Slashdot Mirror


Microsoft Advice Against Nehalem Xeons Snuffed Out

Eukariote writes "In an article outlining hidden strife in the processor world, Andreas Stiller has reported the scoop that Microsoft advised against the use of Intel Nehalem Xeon (Core i7/i5) processors under Windows Server 2008 R2, but was pressured by Intel to refrain from publishing this advisory. The issue concerns a bug causing spurious interrupts that locks up the Hypervisor of Server 2008. Though there is a hotfix, it is unattractive as it disables power savings and turbo boost states. (The original German-language version of the article is also available.)"

3 of 154 comments (clear)

  1. Broken processors by Anonymous Coward · · Score: 5, Insightful

    The processors are clearly broken, and anyone who bought them should get a refund or an exchange. End of story.

    1. Re:Broken processors by hattig · · Score: 4, Insightful

      It's pretty serious.

      Server requirements of CPUs include virtualisation and power savings (saving power in the data centre is a top priority for companies now).

      This CPU cannot do both at the same time, at least with Windows Server 2008's Hypervisor. Presumably it is being sold with both items listed as features however. I agree with the OP - the CPUs are broken as sold and advertised.

  2. Isn't it really a bug in Windows Server? by tomhudson · · Score: 5, Insightful

    FTFA:

    For the integrated hypervisor of Windows Server 2008 R2, Microsoft has bravely resorted to a timer function that they themselves had classified as unreliable for former processors: the timer of the Advanced Programmable Interrupt Controller (APIC). Unlike, for example, the CPU timer (Time Stamp Counter, TSC) - which by now is comparatively resistant to power-saving, SpeedStep and turbo-boost modes, but is also virtualised by virtual machines - the APIC timer can also trigger interrupts. Unfortunately, right now, the Nehalem has too many of those, so that the hypervisor falters and then stops, returning the message "Clock_Watchdog_Time-out".

    So yes, if you depend on something that generates an interrupt whose code path may be suspended in certain power-saving modes, don't be surprised if it doesn't get serviced promptly. It looks more like a bug in Windows Server.

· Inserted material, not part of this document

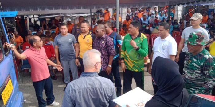 Pada (HPSN) 2023 ini, Bupati Kepulauan Aru dr. Johan Gonga melaunching penempelan stiker larangan buang sampah dan aksi penagihan retribusi pelayanan persampahan/kebersihan perdana 2023 di kota Dobo, Jumat (24/02/2023) bertempat di dermaga feri Dobo.

    Back in the old days, when you issued a CLI instruction, you made sure your routine didn't do too much work before issuing an STI, because that code isn't re-entrant (it's directly modifiable by the hardware, which is why you have to use the "volatile" keyword to make sure that compilers didn't "optimize away" any loops, etc). Kind of hard to guarantee that if you're putting that portion of the hardware to sleep between interrupts. As the article points out, disabling those power-saving modes fixes the problem.